The computation returns a results dictionary which in addition to the the dynamics of the before specified sites carries all sorts of other information about the propagation (such as the total spin chain norm, the bond dimensions of the augmented MPS, etc.)

print(f"Keys of the results dictionary: {results_closed.keys()}")
print(f"Keys of the dynamics results: {results_closed['dynamics'].keys()}")
Keys of the results dictionary: dict_keys(['time', 'norm', 'bond_dimensions', 'dynamics', 'pt_bond_dimensions'])
Keys of the dynamics results: dict_keys([0, 1, 2, 3, 4])

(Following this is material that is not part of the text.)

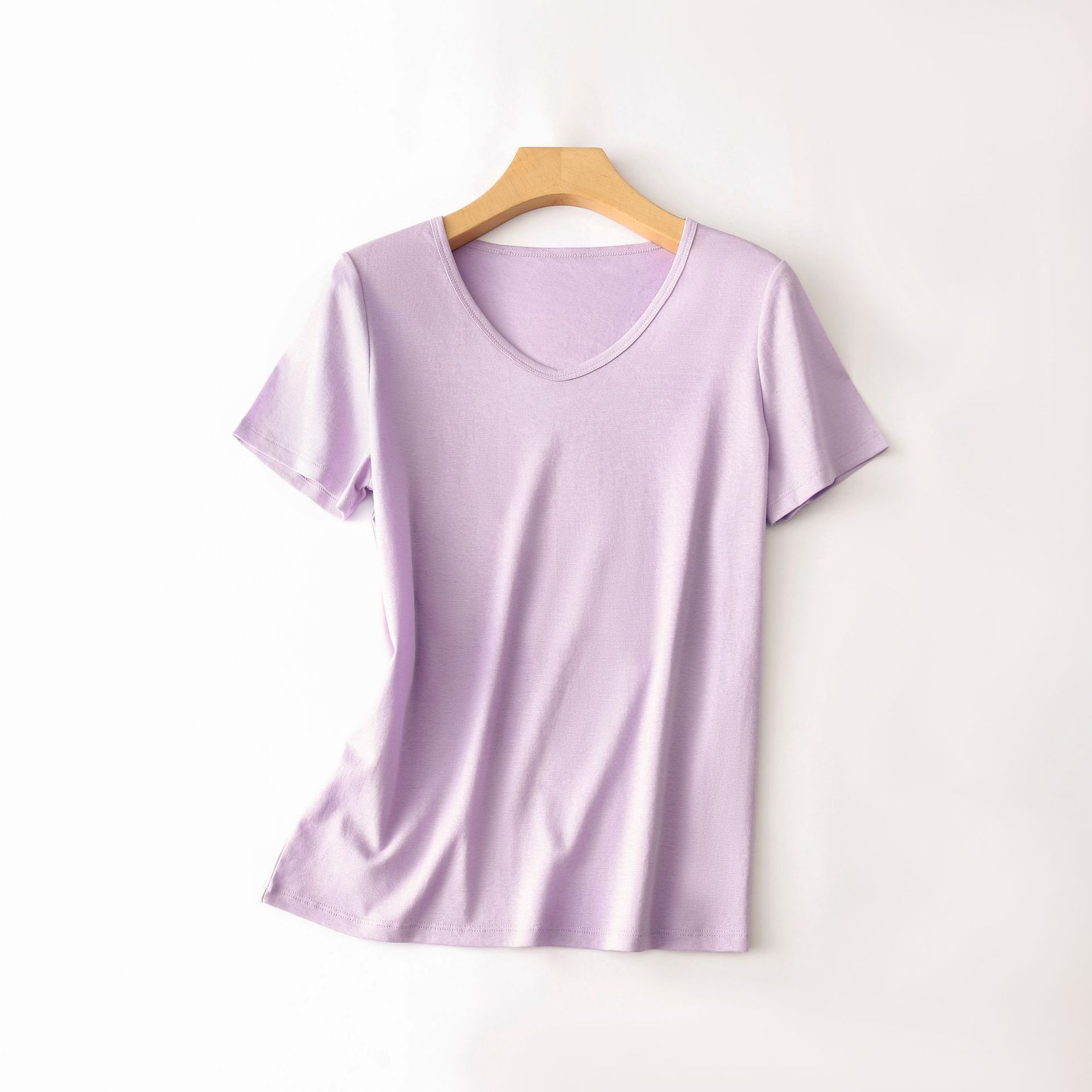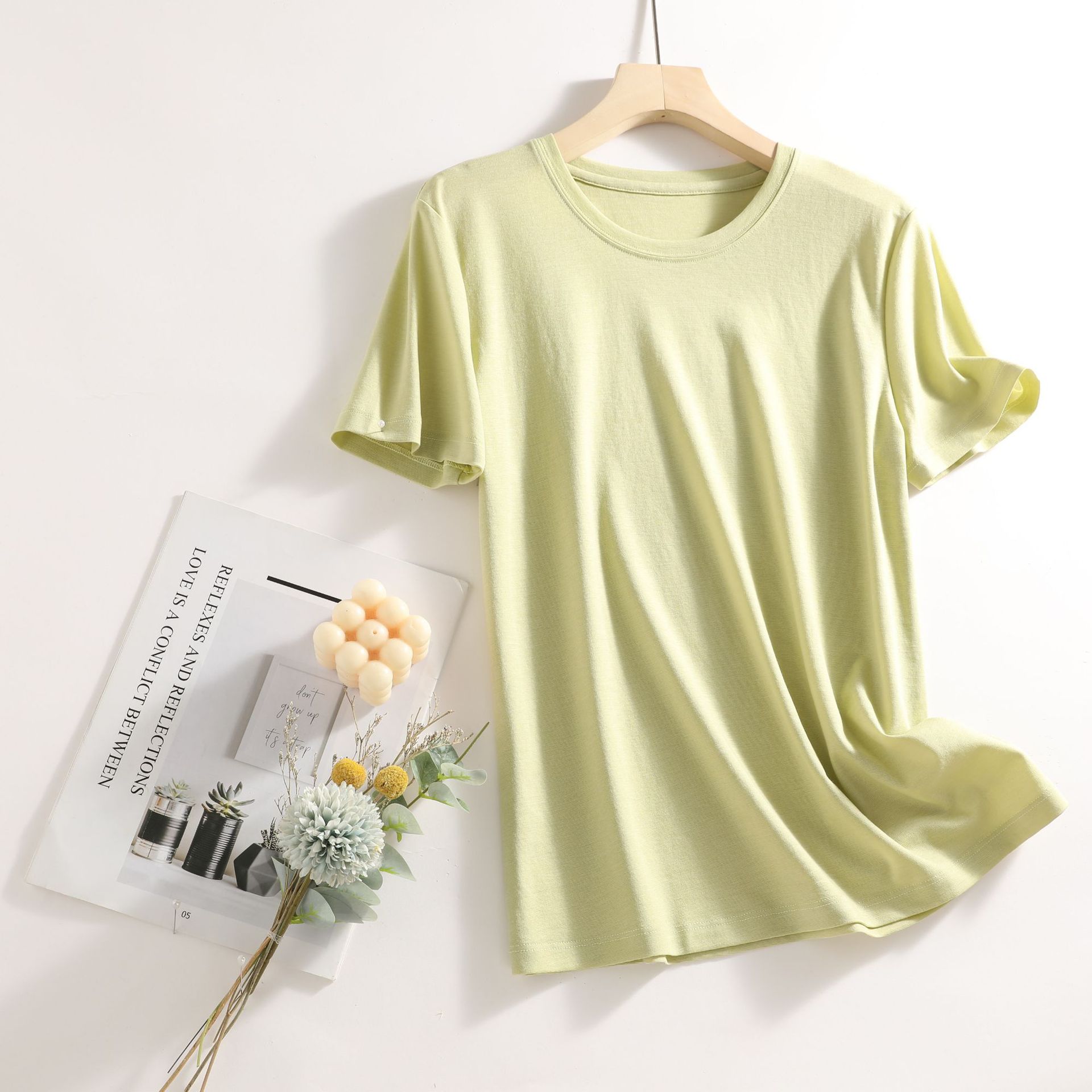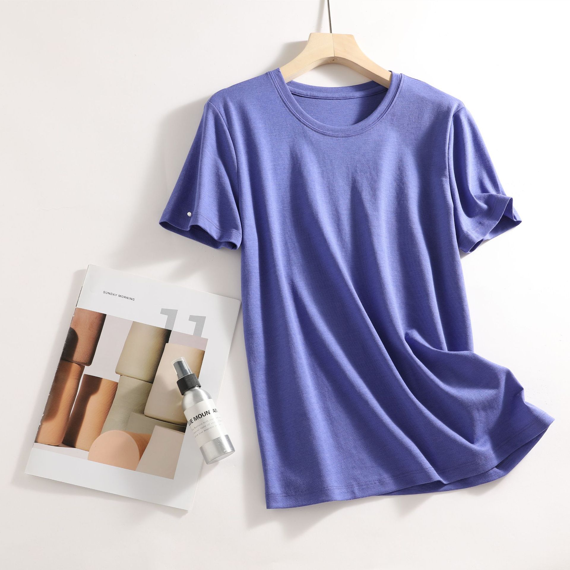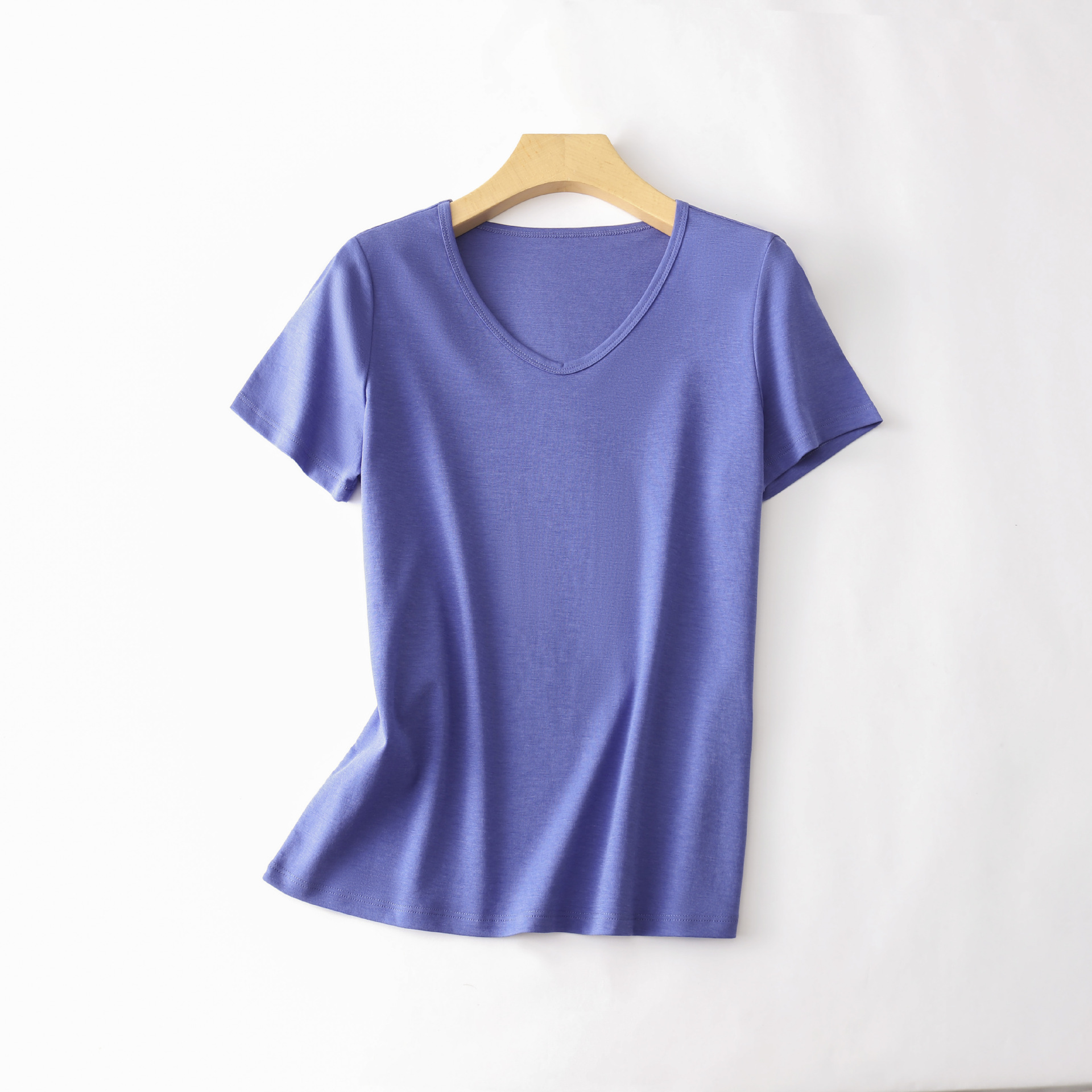 여성용 실크 반팔 티셔츠 다목적 솔리드 컬러 화이트 머서라이즈 코튼 티셔츠 라운드 넥 v 넥 반팔 티셔츠 여성용 바닥 셔츠스토어 가기

We can use the dynamics results to then compute the evolution of the \(s^z_n\) observables.

for site, dynamics in results_closed['dynamics'].items():
    plt.plot(
        *dynamics.expectations(sz, real=True),
        color=f"C{site}", linestyle="solid",
        label=f"$<s_{site}^z>$")
plt.legend()
<matplotlib.legend.Legend at 0x7f672e2d7588>
../../../_images/output_23_1.png

Yay! We can observe how the excitation travels along the chain.

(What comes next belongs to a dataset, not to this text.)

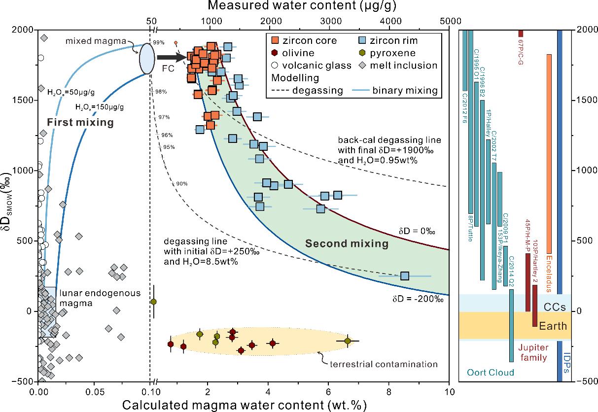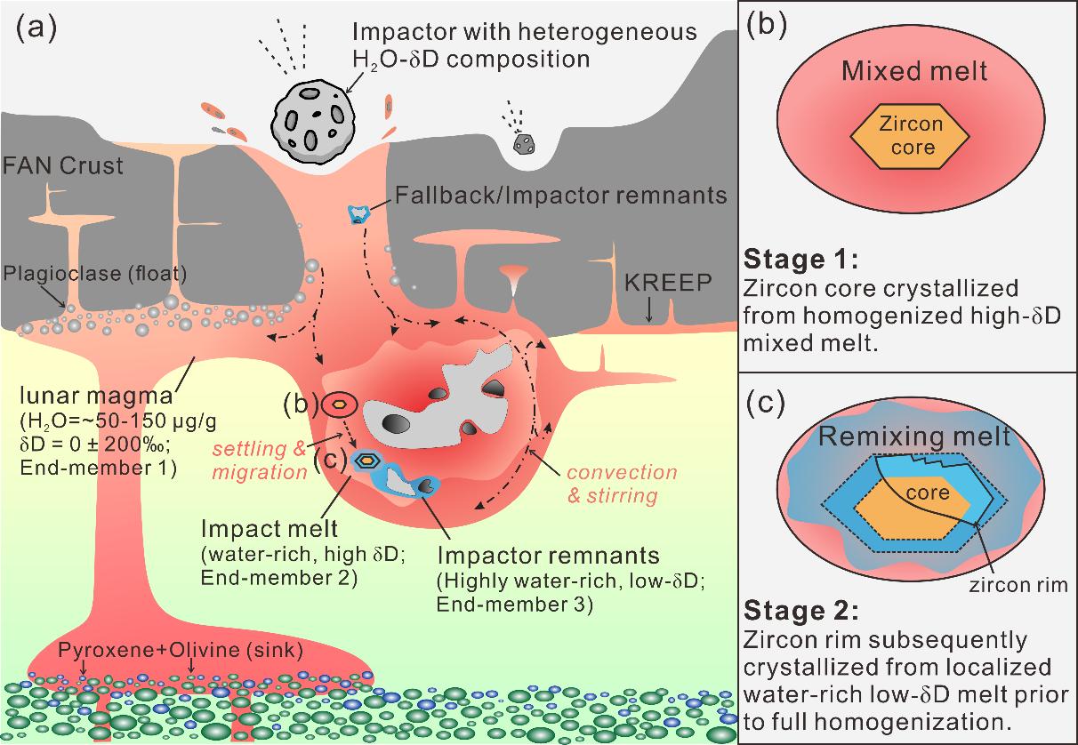 分析结果表明该锆石在显微结构和地球化学特征上均呈现出显著的核-边分带性(图1- 3):核部晶体形态相对完整,微量元素含量较高,具有相对均一的水含量(735-1164ppm)和极高的氢同位素组成(δD为+1320‰至+1882‰);边部显微结构复杂,微量元素含量比核部更低,展现出明显的水含量(879至4268 μg/g)与δD(+1879‰至+250‰)负相关趋势。结合地球化学与岩石学特征分析,该锆石特殊的H2O-δD体系无法通过岩浆去气模型进行解释,同时也排除了后期陆地混染和太空风化等次生干扰,我们推断该锆石的核-边组分特征反映了两阶段的岩浆混合过程(图3)。其异常的化学组成和同位素特征指示了外源撞击作用的对月球内部水的显著贡献与改造。

2. Open Heisenberg spin chain

Now, let’s add a strongly coupled and structured environment to the chain. We will couple a ohmic bosonic environment to the first spin through the environment Hamiltonian

\[H^E = \sum_{k}^{\infty} s_1^y \left( g_k b_k^{\dagger} + h.c \right) + \omega_k b_k^{\dagger} b_k \,\mathrm{,}\]

where \(b_k^{(\dagger)}\) are the bosonic lowering (raising) operators, and \(s_1^y\) is the \(y\) spin operator of the first site. The coupling constants \(g_k\) and frequencies \(\omega_k\) are determined by the spectral density

\[J(\omega) = \sum_{k}^{\infty} |g_k|^2 \delta(\omega - \omega_k) = 2 \alpha \, \omega \, e^{-\frac{\omega}{\omega_c}} \,\mathrm{.}\]

We choose the values \(\alpha=0.32\) and \(\omega_c=4.0\), and specify that the bosonic environment is initially at temperature \(T=1.6\).

alpha = 0.32
omega_cutoff = 4.0
temperature = 1.6

correlations = oqupy.PowerLawSD(
    alpha=alpha,
    zeta=1,
    cutoff=omega_cutoff,
    cutoff_type='exponential',
    temperature=temperature)
bath = oqupy.Bath(sy, correlations)

For the process tensor approach to TEBD, we first need to compute the process tensors of the environments we wish to add to the TEBD evolution. For this we choose suitable parameters and carry out the computation (see Tutorial 02 - Time dependence and PT-TEMPO).

tempo_parameters = oqupy.TempoParameters(
    dt=pt_tebd_params.dt,
    dkmax=40,
    epsrel=1.0e-5)
print("Process tensor (PT) computation:")
pt = oqupy.pt_tempo_compute(
    bath=bath,
    start_time=0.0,
    end_time=num_steps * pt_tebd_params.dt,
    parameters=tempo_parameters,
    progress_type='bar')
Process tensor (PT) computation:
--> PT-TEMPO computation:
100.0%   20 of   20 [########################################] 00:00:00
Elapsed time: 0.6s

To see the effect of the environment clearly we start in a fully mixed chain state.

initial_augmented_mps_B = oqupy.AugmentedMPS([mixed_dm, mixed_dm, mixed_dm, mixed_dm, mixed_dm])

Again, we prepare a PtTebd object to collect all necessary information. We can reuse the before created SystemChain and PtTebdParameters objects. This time we set the first item in the list of process tensors to the process tensor we just computed. This attaches the above specified environment to the first chain site. Because we don’t want to couple the other sites to any environment we keep them free by setting them to None.

pt_tebd_open = oqupy.PtTebd(
    initial_augmented_mps=initial_augmented_mps_B,
    system_chain=system_chain,
    process_tensors=[pt, None, None, None, None],
    parameters=pt_tebd_params,
    dynamics_sites=[0, 1, 2, 3, 4],
    chain_control=None)
print("PT-TEBD computation (open spin chain):")
results_open = pt_tebd_open.compute(num_steps, progress_type="bar")
PT-TEBD computation (open spin chain):
--> PT-TEBD computation:
100.0%   20 of   20 [########################################] 00:00:04
Elapsed time: 4.3s
for site, dyn in results_open['dynamics'].items():
    plt.plot(*dyn.expectations(sz, real=True),
             color=f"C{site}", linestyle="solid",
             label=f"$<s_{site}^z>$")
plt.legend()
<matplotlib.legend.Legend at 0x7f671cf195f8>
../../../_images/output_35_1.png

We can see that the environment starts to hybridize with the first spin and then the other spins start being affected too.